▶ Required action:
Your answer should give again, exactly, the lines from the beginning of the entries below through the line containing "الأمير سعود بن". It must contain no pictures.

▶ Material supplied:
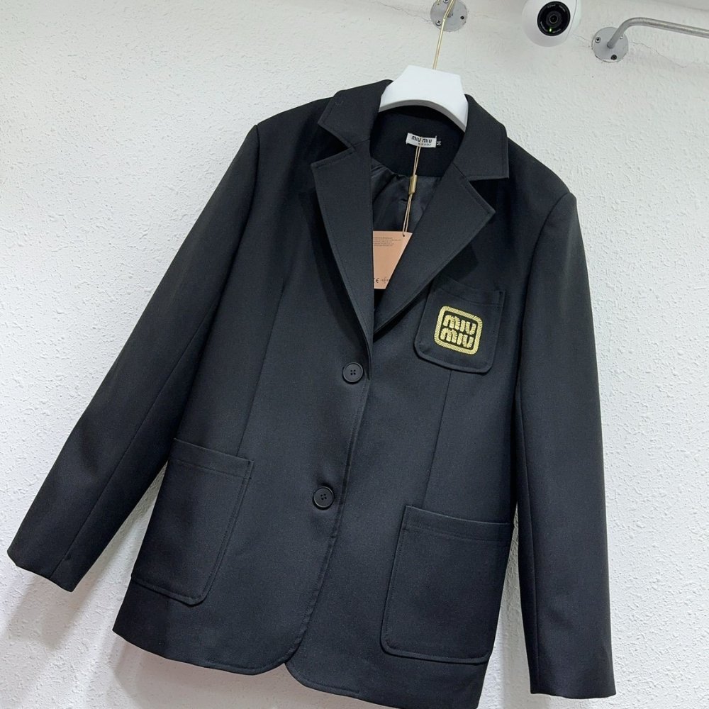 Miumiu Single Breasted Mohair Jacket Black Yellow Gold Mh1927 12I1 F0R84 S Am1
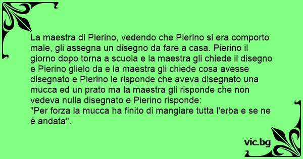La maestra di Pierino, vedendo che Pierino si era comporto male, gli assegna un disegno da fare a casa. Pierino il giorno dopo torna a scuola e la maestra gli chiede il disegno e Pierino glielo da e la maestra gli chiede cosa avesse disegnato e Pierino le risponde che aveva disegnato una mucca ed un prato ma la maestra gli risponde che non vedeva nulla disegnato e Pierino risponde:
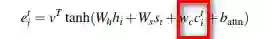 1、在计算encoder的attention时,在原始的计算公式中,增加了历史时刻的attention history信息,如图红色框中的内容: 表示的是历史attention信息的累积。
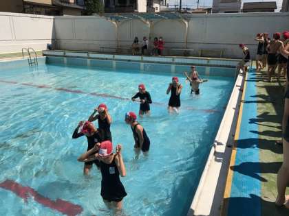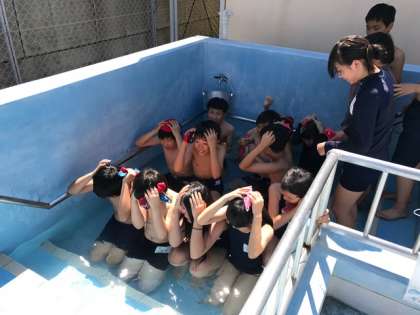 気温は高かったのですが、水が冷たくて、入水時に悲鳴のような声をあげていました。それでも、とても気持ち良かったようです。
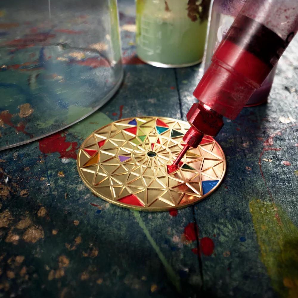 A számlap felépítése egy precíz, háromdimenziós geometriával gravírozott alappal kezdődik, amelyet úgy terveztek, hogy a színeket igazi műalkotásként befogadja. Ezután minden egyes cellát manuálisan töltenek ki hideg zománccal, precíziós eszközök segítségével, és aprólékosan keverik a színeket, gondosan tanulmányozva az árnyalatok kombinációját az ideális egyensúly elérése érdekében.
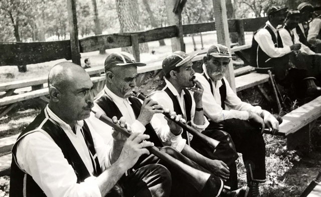 Edirne Müzesi envanterine kayıtlı Kırkpınar Yağlı Güreşleri siyah-beyaz fotoğrafları, tarihi güreşlerin geçmişine götürüyor. Fotoğrafta Kırkpınar zurnacıları görülüyor.
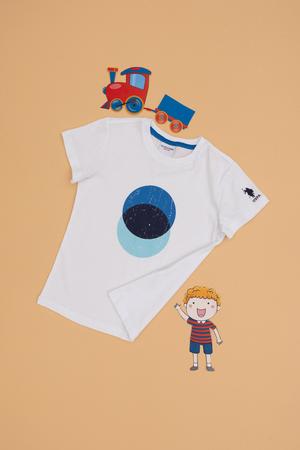 Erkek Çocuk Beyaz Bisiklet Yaka Tişört
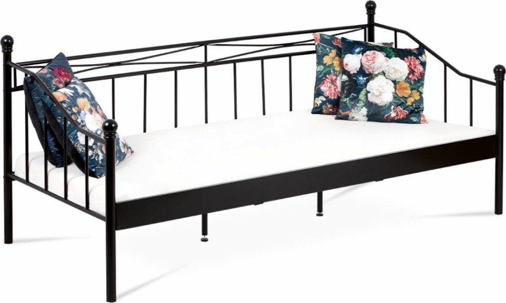 Jednolůžková kovová postel matné černé barvy. Výška bočnic je 39 cm, postel je vhodná pro matraci o rozměru 90x200 cm. Postel je dodávána bez matrace a roštu. Nosnost 100 kg.
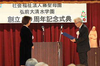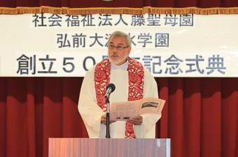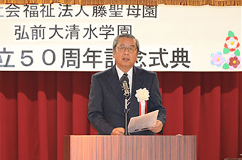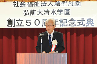 本日は、弘前市の桜田市長さんをはじめ、多くの御来賓の皆様のご臨席を賜わり、弘前大清水学園創立50周年記念式典をこのように盛大に開催できますことは喜びに堪えません。
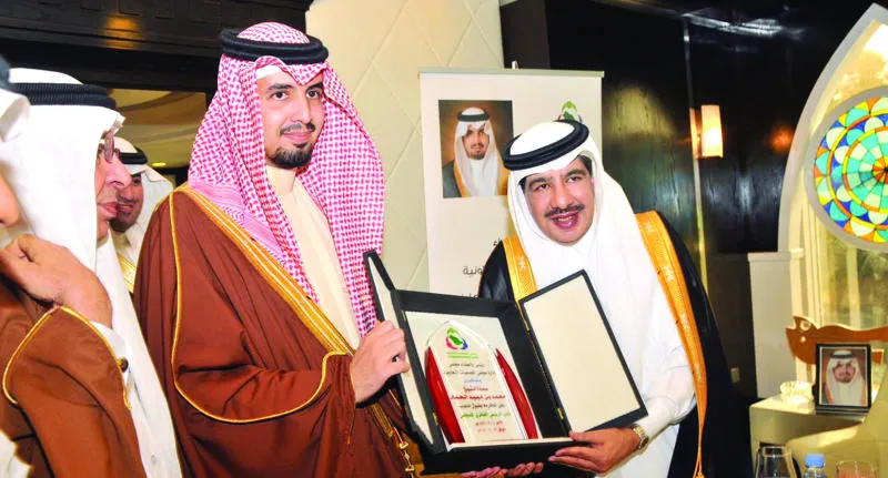 الأمير سعود بن سلمان يسلم الحماد درع تكريمه لقبول منصب نائب الرئيس الفخري ({الشرق الأوسط})
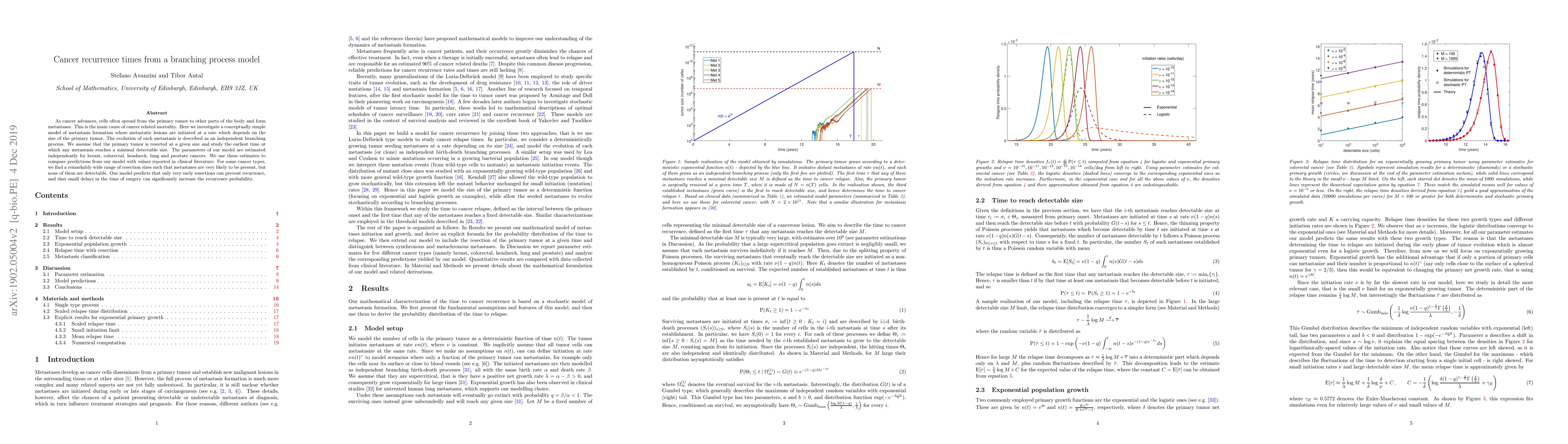 As cancer advances, cells often spread from the primary tumor to other parts of the body and form metastases. This is the main cause of cancer related mortality. Here we investigate a conceptually simple model of metastasis formation where metastatic lesions are initiated at a rate which depends on the size of the primary tumor. The evolution of each metastasis is described as an independent branching process. We assume that the primary tumor is resected at a given size and study the earliest time at which any metastasis reaches a minimal detectable size. The parameters of our model are estimated independently for breast, colorectal, headneck, lung and prostate cancers. We use these estimates to compare predictions from our model with values reported in clinical literature. For some cancer types, we find a remarkably wide range of resection sizes such that metastases are very likely to be present, but none of them are detectable. Our model predicts that only very early resections can prevent recurrence, and that small delays in the time of surgery can significantly increase the recurrence probability.
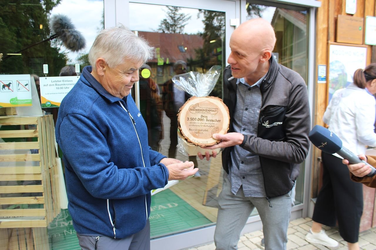 Jo mei, wird sich der Herr aus Mittelbayern gedacht haben, als er heute Nachmittag vom Betriebsleiter des Baumkronenpfades, Michael Zilling, am Portal des Empfangs- und Erlebnisbereiches abgefangen, begrüßt und mit einem Geschenk als der Dreimillionenfünfhunderttausendster Besucher der Anlage vor den Toren der Stadt Bad Langensalza geehrt wurde...
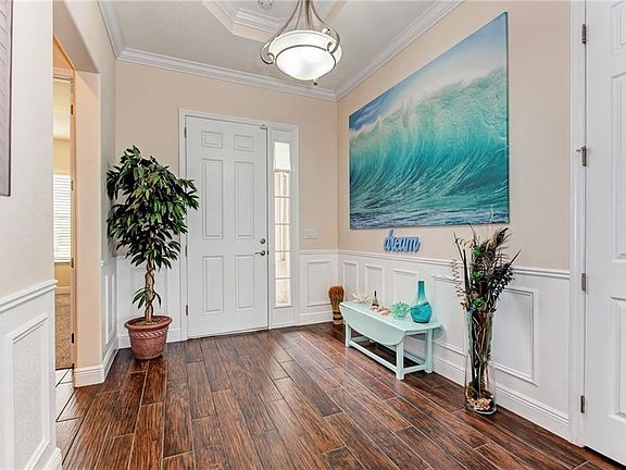 Looking for breathtaking lake views on a half acre lot?The"Hawthorne"floor plan sits on a pristine lot loaded w/ upgrades.Entering the home a long view to the lake immediately sets you at ease.1st bedroom & full bath w/tub are in the front of the house,oversized 3 gar garage w/utility tub & whole house water softener,Extra large laundry room,w/ cabinets & large storage room for all your extras.2nd bedroom off the living room has private bath & large closet,French doors lead to the den which could also be a hobby room or addtl. bedroom when needed,Master Suite faces the lake & has 2 WIC, spa like bathroom w/ dual sinks,soaker tub,linen closet & lg walk in shower.The kitchen/dining room/living room are all open, spacious & filled w/ natural light & views of the lake.Kitchen boasts 42"cabinets,SS Appliances,farm house sink,large island for food prep w/ seating,induction cooktop,convection oven & large pantry.The living room sliders open up to an extended lanai to enjoy time in breezy comfort.A 1/2 bath completes the perfect set up for a future pool & outdoor kitchen.This amazing home is located in the tranquil community of Rye Wilderness which is known for year round enjoyment of a variety of birds & wildlife.The enormous curb appeal of this home is undeniable w/ the tile roof,paver driveways & impressive entrance.Inside-granite counters throughout,porcelain tile throughout w/ carpet in the bedrooms.RING doorbell system, whole house Culligan water softener&reverse osmosis filtration system under kitchen sink

▶ Expected answer:
 Miumiu Single Breasted Mohair Jacket Black Yellow Gold Mh1927 12I1 F0R84 S Am1
La maestra di Pierino, vedendo che Pierino si era comporto male, gli assegna un disegno da fare a casa. Pierino il giorno dopo torna a scuola e la maestra gli chiede il disegno e Pierino glielo da e la maestra gli chiede cosa avesse disegnato e Pierino le risponde che aveva disegnato una mucca ed un prato ma la maestra gli risponde che non vedeva nulla disegnato e Pierino risponde:
 1、在计算encoder的attention时,在原始的计算公式中,增加了历史时刻的attention history信息,如图红色框中的内容: 表示的是历史attention信息的累积。
 気温は高かったのですが、水が冷たくて、入水時に悲鳴のような声をあげていました。それでも、とても気持ち良かったようです。
 A számlap felépítése egy precíz, háromdimenziós geometriával gravírozott alappal kezdődik, amelyet úgy terveztek, hogy a színeket igazi műalkotásként befogadja. Ezután minden egyes cellát manuálisan töltenek ki hideg zománccal, precíziós eszközök segítségével, és aprólékosan keverik a színeket, gondosan tanulmányozva az árnyalatok kombinációját az ideális egyensúly elérése érdekében.
 Edirne Müzesi envanterine kayıtlı Kırkpınar Yağlı Güreşleri siyah-beyaz fotoğrafları, tarihi güreşlerin geçmişine götürüyor. Fotoğrafta Kırkpınar zurnacıları görülüyor.
 Erkek Çocuk Beyaz Bisiklet Yaka Tişört
 Jednolůžková kovová postel matné černé barvy. Výška bočnic je 39 cm, postel je vhodná pro matraci o rozměru 90x200 cm. Postel je dodávána bez matrace a roštu. Nosnost 100 kg.
 本日は、弘前市の桜田市長さんをはじめ、多くの御来賓の皆様のご臨席を賜わり、弘前大清水学園創立50周年記念式典をこのように盛大に開催できますことは喜びに堪えません。
 الأمير سعود بن سلمان يسلم الحماد درع تكريمه لقبول منصب نائب الرئيس الفخري ({الشرق الأوسط})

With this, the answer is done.